**Task prompt:** The response should reproduce exactly the lines from the top of the listing below through the one that contains "Dieses Spannbettlaken passt", and nothing else; pictures do not belong in it.

BEGIN Data for review

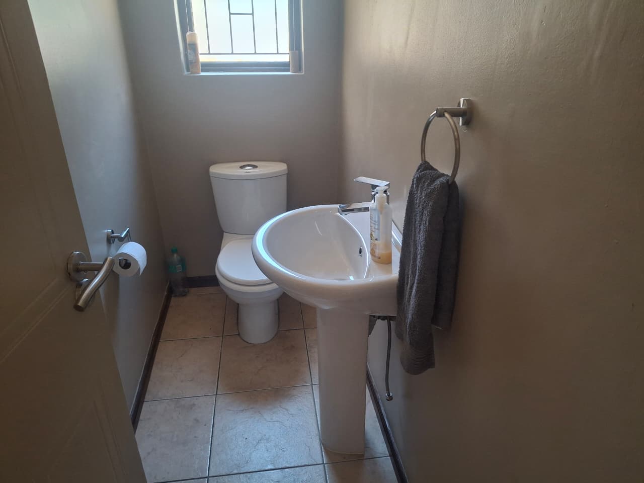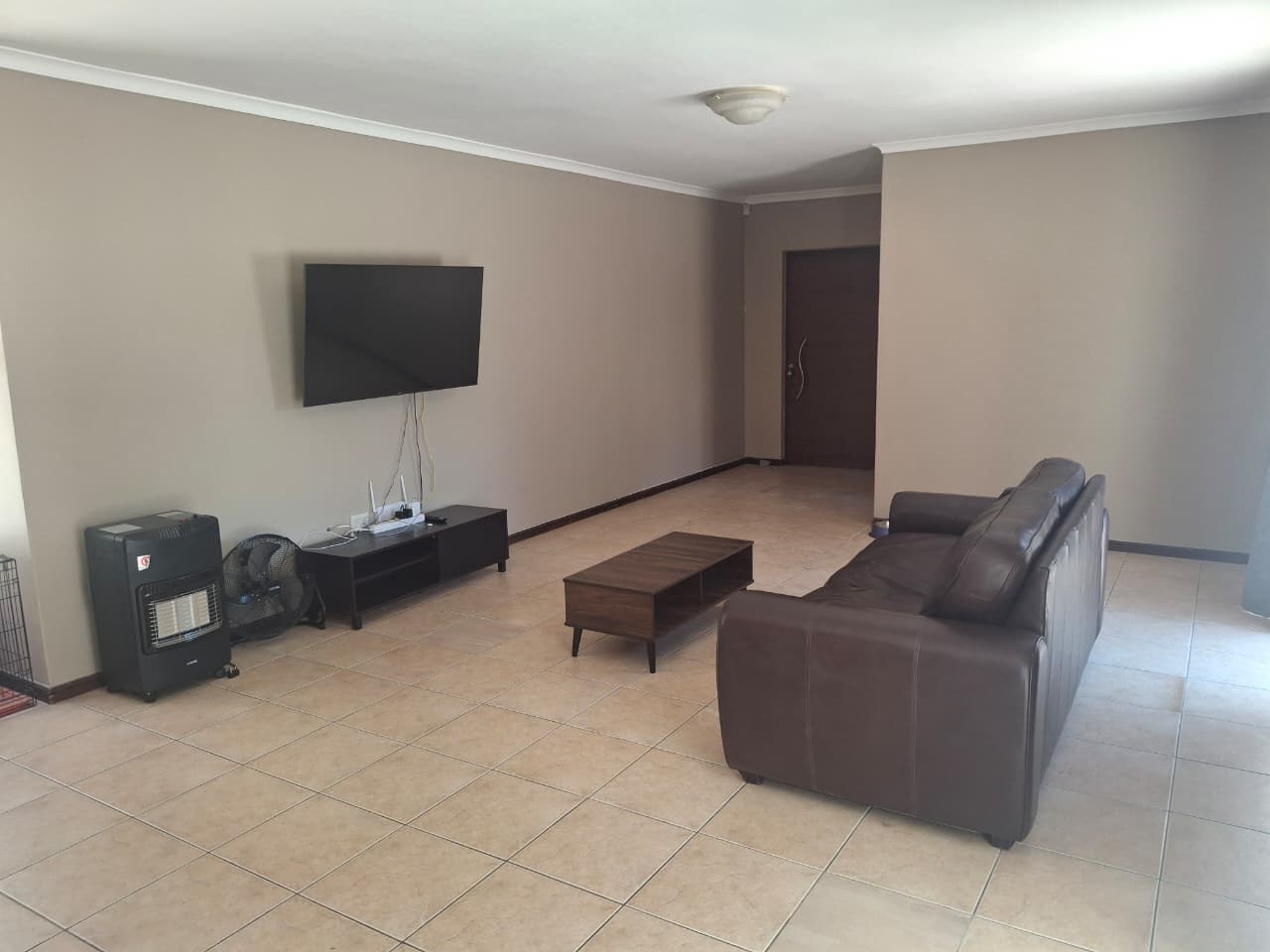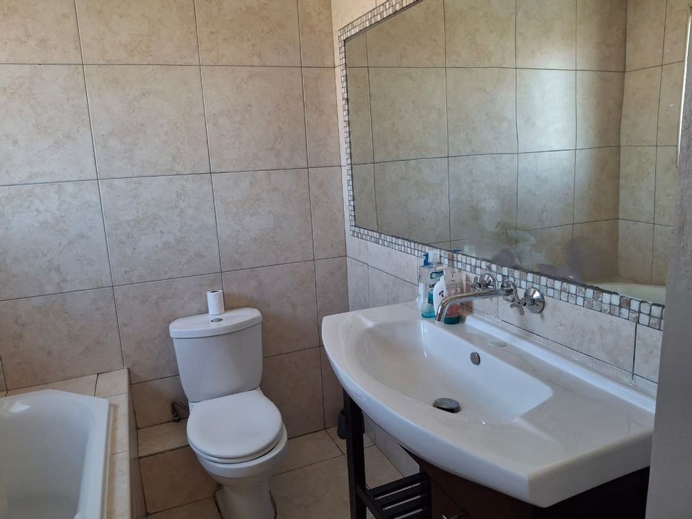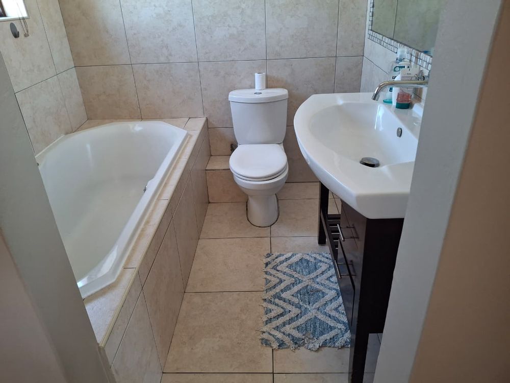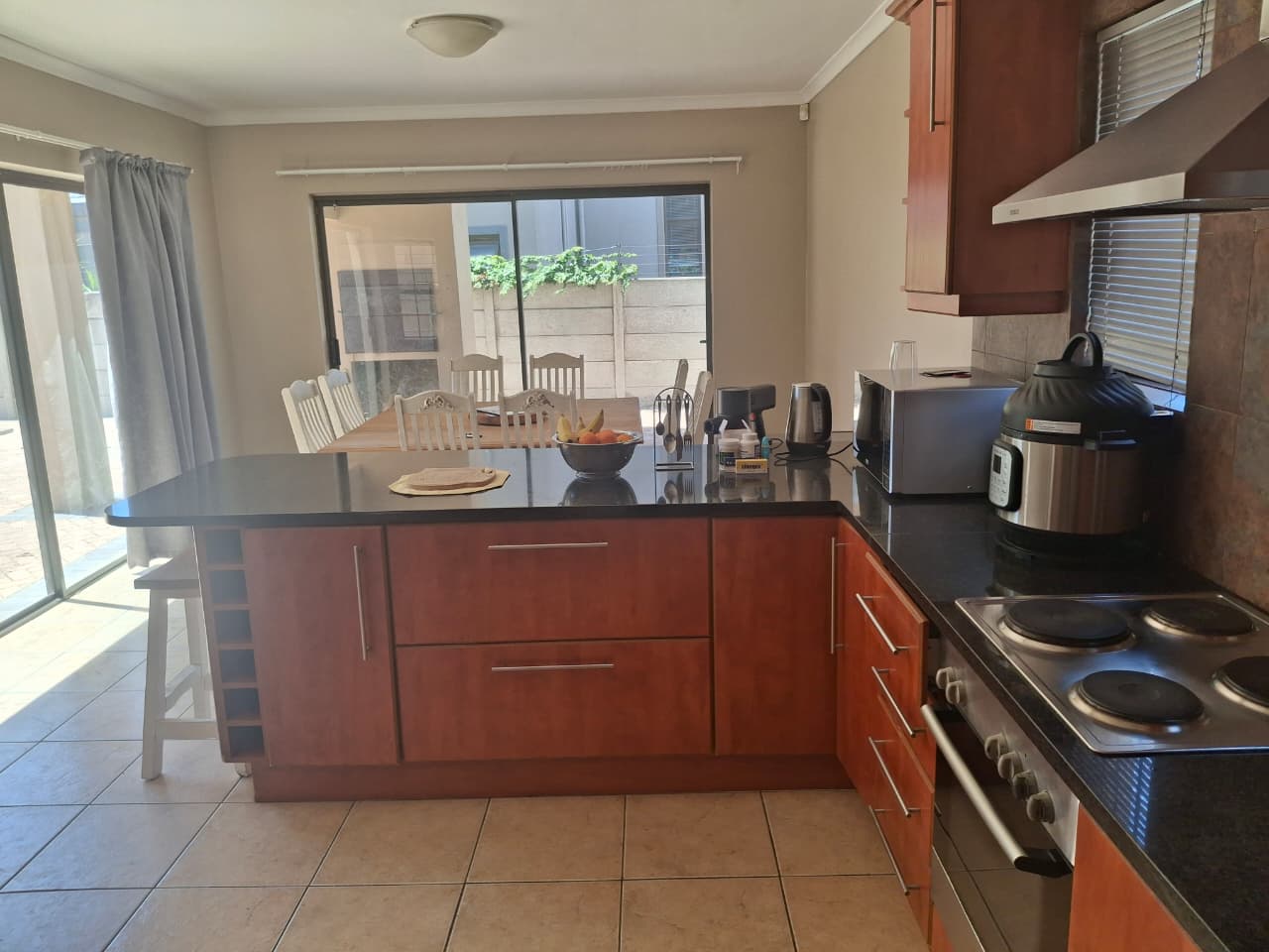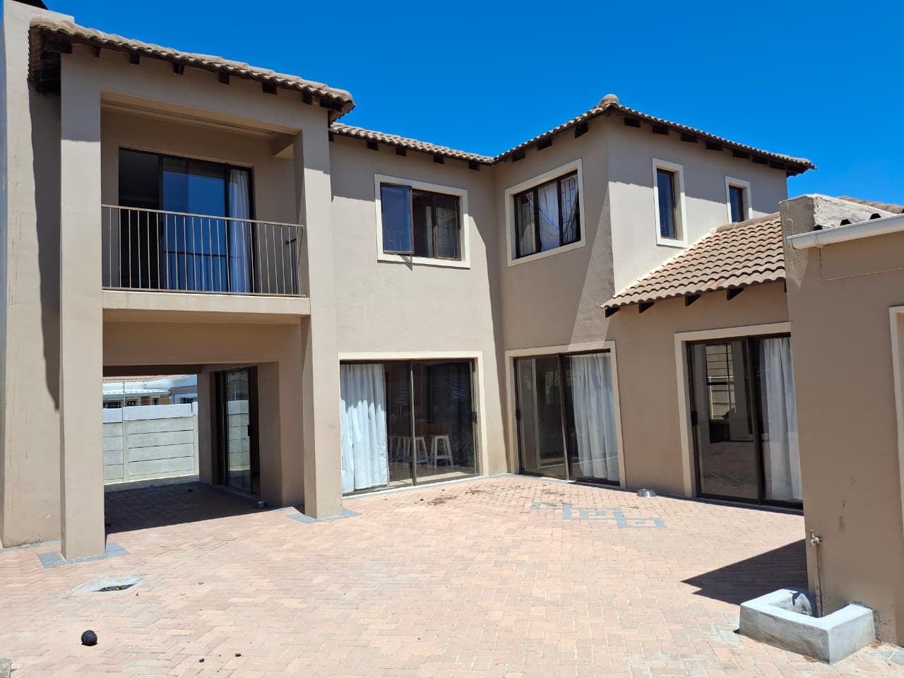 Sliding doors from the lounge and dining room steps onto a covered patio and braai area with large paved open back area for convenience and low maintenance.
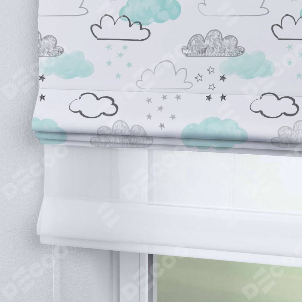 Римская штора день-ночь производителя «Cortin», используется для проёма, пошита из двух полотен, с лицевой блэкаут с нанесением сублимационной печати «Облака и звёзды», вторая ткань тюль (по стандарту комплектуется тюль белого цвета артикул V-01). Имеет универсальный механизм и подходит для монтажа: на потолок, на стену и в нишу.
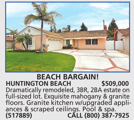 HUNTINGTON BEACH $509,000 Dramatically remodeled, 3BR, 2BA estate on full-sized lot. Exquisite mahogany & granite floors. Granite kitchen w/upgraded appliances & scraped ceilings. Pool & spa.
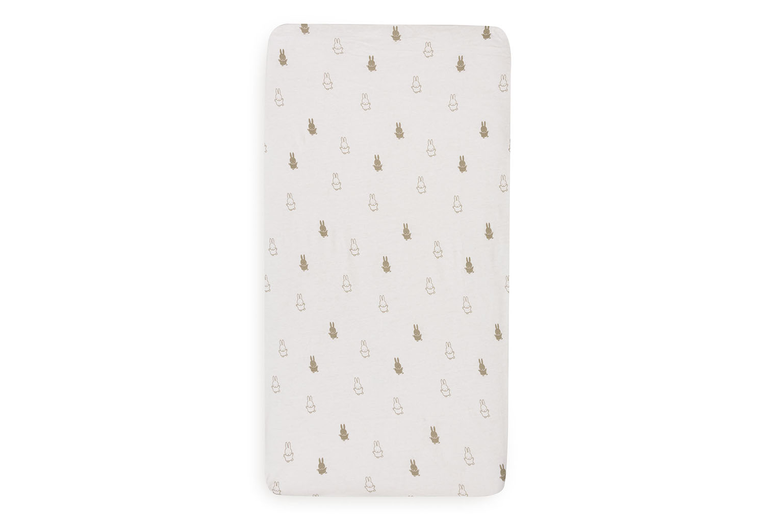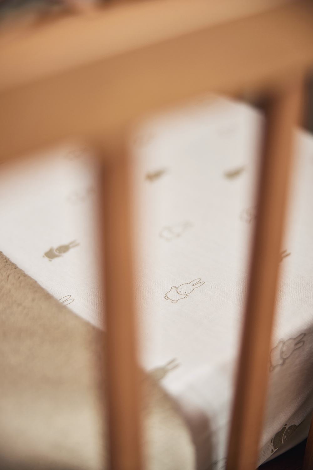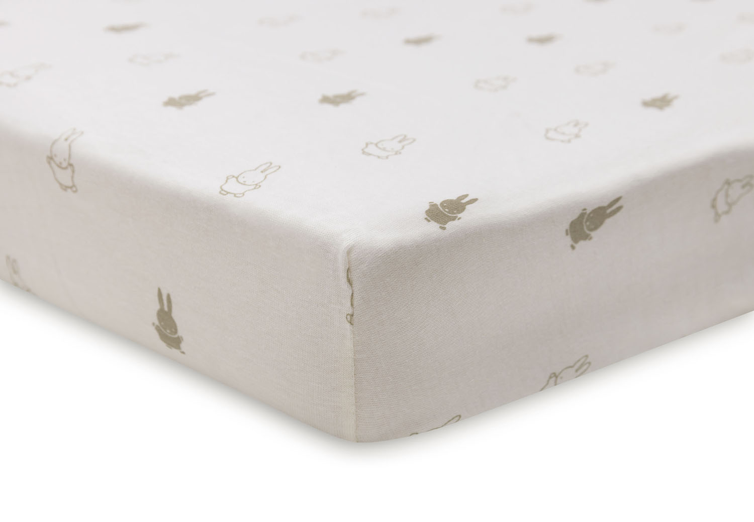 Dieses Spannbettlaken passt perfekt zu den anderen Artikeln aus dem Miffy-Thema und ist in den Farben Olive Green und Nougat erhältlich.
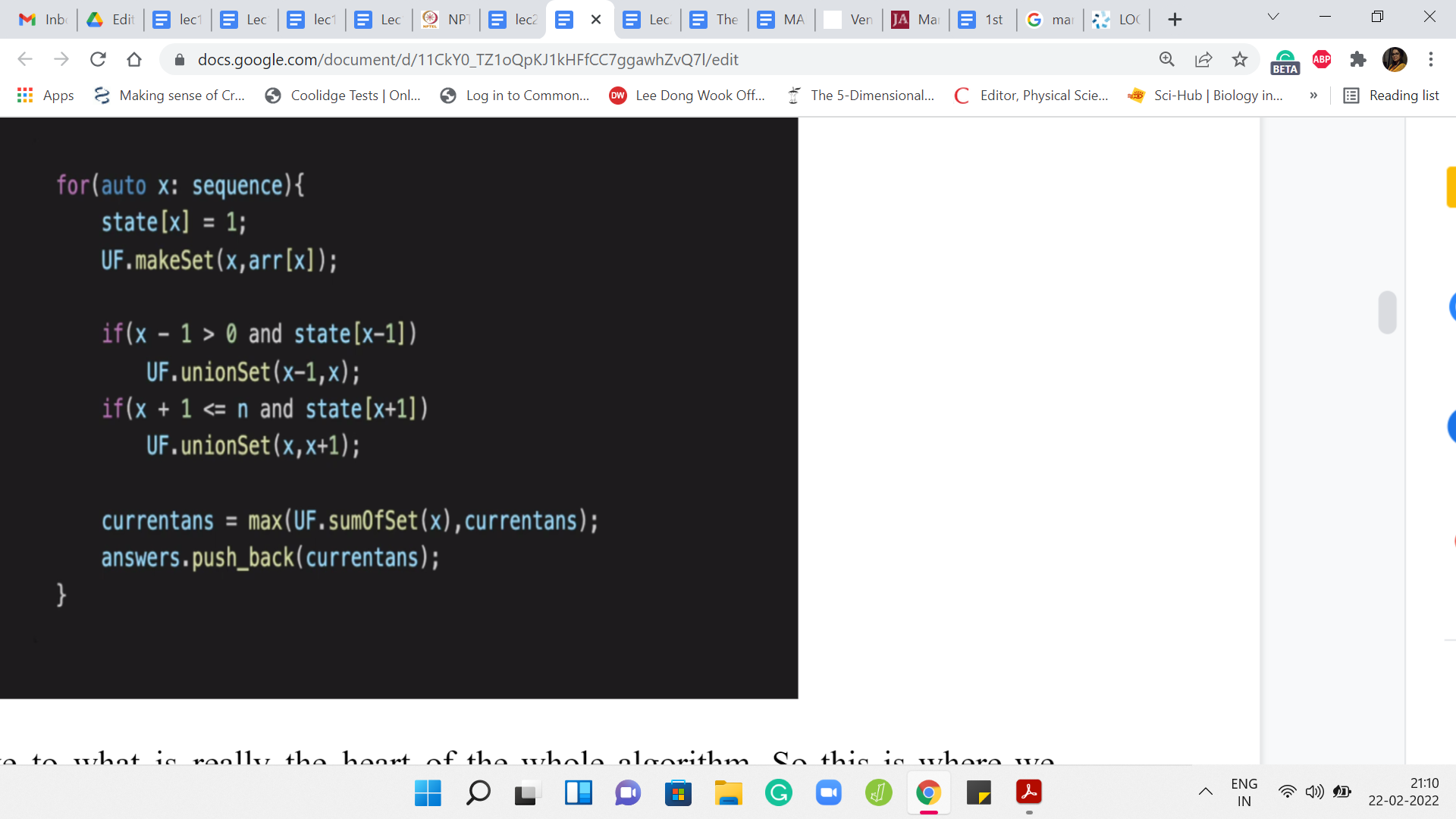Let us move to what is really the heart of the whole algorithm. This is where we actually go through the process. We are going to go over the sequence. Then we are going to do the union operations based on the situations that we have already discussed in the previous video. First of all, when we say that the ’x’th element is now being added, we modify the state of the ’x’th location to 1, to indicate that this location is now occupied.
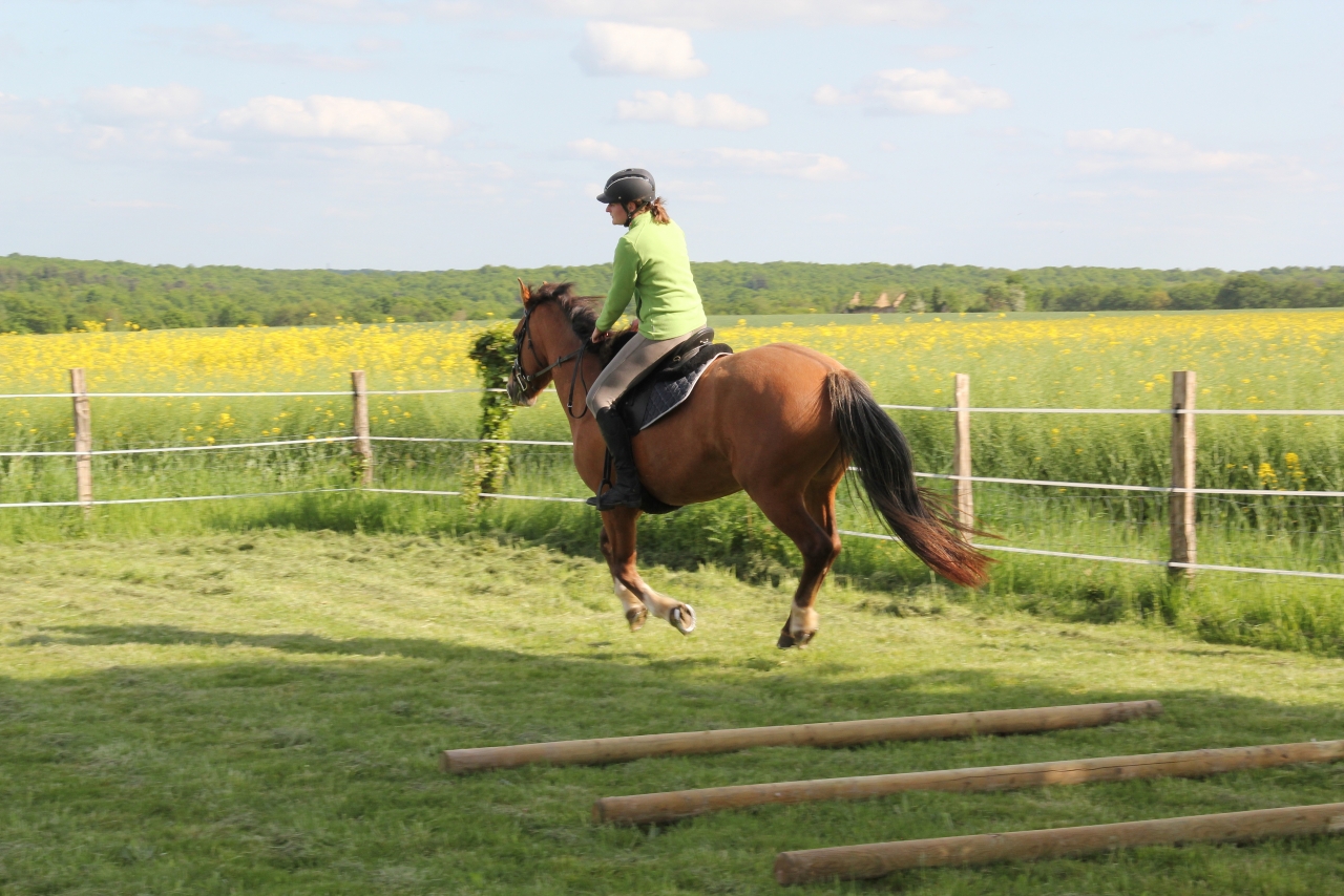 | Dire merci | Sympa à cru!! Moi je suis une vraie brêle rien que sans les étriers sur Chicane... autant sur ma Fjord je suis hyper bien calée mais sur elle j'ai l'impression que je vais tomber!! |
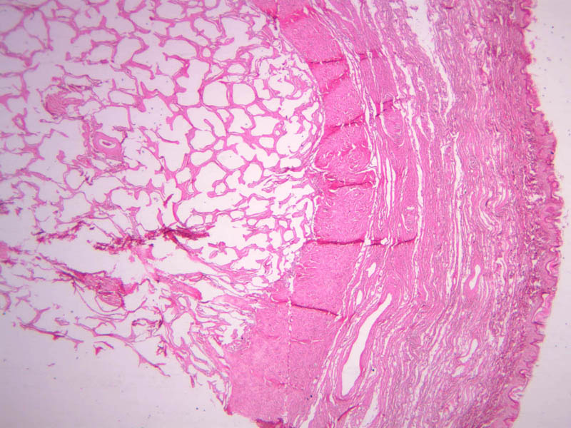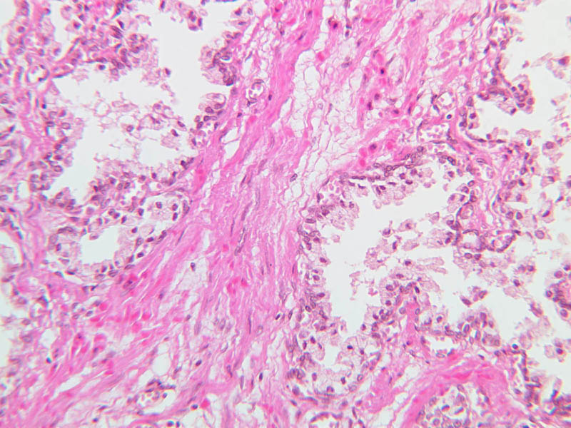 Be aware, however, that most of the empty-appearing interstitial spaces in these slides are
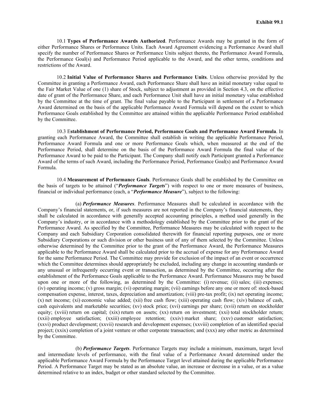 Exhibit 99.1 10.1 Types of Performance Awards Authorized. Performance Awards may be granted in the form of either Performance Shares or Performance Units. Each Award Agreement evidencing a Performance Award shall specify the number of Performance Shares or Performance Units subject thereto, the Performance Award Formula, the Performance Goal(s) and Performance Period applicable to the Award, and the other terms, conditions and restrictions of the Award. 10.2 Initial Value of Performance Shares and Performance Units. Unless otherwise provided by the Committee in granting a Performance Award, each Performance Share shall have an initial monetary value equal to the Fair Market Value of one (1) share of Stock, subject to adjustment as provided in Section 4.3, on the effective date of grant of the Performance Share, and each Performance Unit shall have an initial monetary value established by the Committee at the time of grant. The final value payable to the Participant in settlement of a Performance Award determined on the basis of the applicable Performance Award Formula will depend on the extent to which Performance Goals established by the Committee are attained within the applicable Performance Period established by the Committee. 10.3 Establishment of Performance Period, Performance Goals and Performance Award Formula. In granting each Performance Award, the Committee shall establish in writing the applicable Performance Period, Performance Award Formula and one or more Performance Goals which, when measured at the end of the Performance Period, shall determine on the basis of the Performance Award Formula the final value of the Performance Award to be paid to the Participant. The Company shall notify each Participant granted a Performance Award of the terms of such Award, including the Performance Period, Performance Goal(s) and Performance Award Formula. 10.4 Measurement of Performance Goals. Performance Goals shall be established by the Committee on the basis of targets to be attained (“Performance Targets”) with respect to one or more measures of business, financial or individual performance (each, a “Performance Measure”), subject to the following: (a) Performance Measures. Performance Measures shall be calculated in accordance with the Company’s financial statements, or, if such measures are not reported in the Company’s financial statements, they shall be calculated in accordance with generally accepted accounting principles, a method used generally in the Company’s industry, or in accordance with a methodology established by the Committee prior to the grant of the Performance Award. As specified by the Committee, Performance Measures may be calculated with respect to the Company and each Subsidiary Corporation consolidated therewith for financial reporting purposes, one or more Subsidiary Corporations or such division or other business unit of any of them selected by the Committee. Unless otherwise determined by the Committee prior to the grant of the Performance Award, the Performance Measures applicable to the Performance Award shall be calculated prior to the accrual of expense for any Performance Award for the same Performance Period. The Committee may provide for exclusion of the impact of an event or occurrence which the Committee determines should appropriately be excluded, including any change in accounting standards or any unusual or infrequently occurring event or transaction, as determined by the Committee, occurring after the establishment of the Performance Goals applicable to the Performance Award. Performance Measures may be based upon one or more of the following, as determined by the Committee: (i) revenue; (ii) sales; (iii) expenses; (iv) operating income; (v) gross margin; (vi) operating margin; (vii) earnings before any one or more of: stock-based compensation expense, interest, taxes, depreciation and amortization; (viii) pre-tax profit; (ix) net operating income; (x) net income; (xi) economic value added; (xii) free cash flow; (xiii) operating cash flow; (xiv) balance of cash, cash equivalents and marketable securities; (xv) stock price; (xvi) earnings per share; (xvii) return on stockholder equity; (xviii) return on capital; (xix) return on assets; (xx) return on investment; (xxi) total stockholder return; (xxii) employee satisfaction; (xxiii) employee retention; (xxiv) market share; (xxv) customer satisfaction; (xxvi) product development; (xxvii) research and development expenses; (xxviii) completion of an identified special project; (xxix) completion of a joint venture or other corporate transaction; and (xxx) any other metric as determined by the Committee. (b) Performance Targets. Performance Targets may include a minimum, maximum, target level and intermediate levels of performance, with the final value of a Performance Award determined under the applicable Performance Award Formula by the Performance Target level attained during the applicable Performance Period. A Performance Target may be stated as an absolute value, an increase or decrease in a value, or as a value determined relative to an index, budget or other standard selected by the Committee.

END Data for review

**Solution to this exercise:**
 Sliding doors from the lounge and dining room steps onto a covered patio and braai area with large paved open back area for convenience and low maintenance.
 Римская штора день-ночь производителя «Cortin», используется для проёма, пошита из двух полотен, с лицевой блэкаут с нанесением сублимационной печати «Облака и звёзды», вторая ткань тюль (по стандарту комплектуется тюль белого цвета артикул V-01). Имеет универсальный механизм и подходит для монтажа: на потолок, на стену и в нишу.
 HUNTINGTON BEACH $509,000 Dramatically remodeled, 3BR, 2BA estate on full-sized lot. Exquisite mahogany & granite floors. Granite kitchen w/upgraded appliances & scraped ceilings. Pool & spa.
 Dieses Spannbettlaken passt perfekt zu den anderen Artikeln aus dem Miffy-Thema und ist in den Farben Olive Green und Nougat erhältlich.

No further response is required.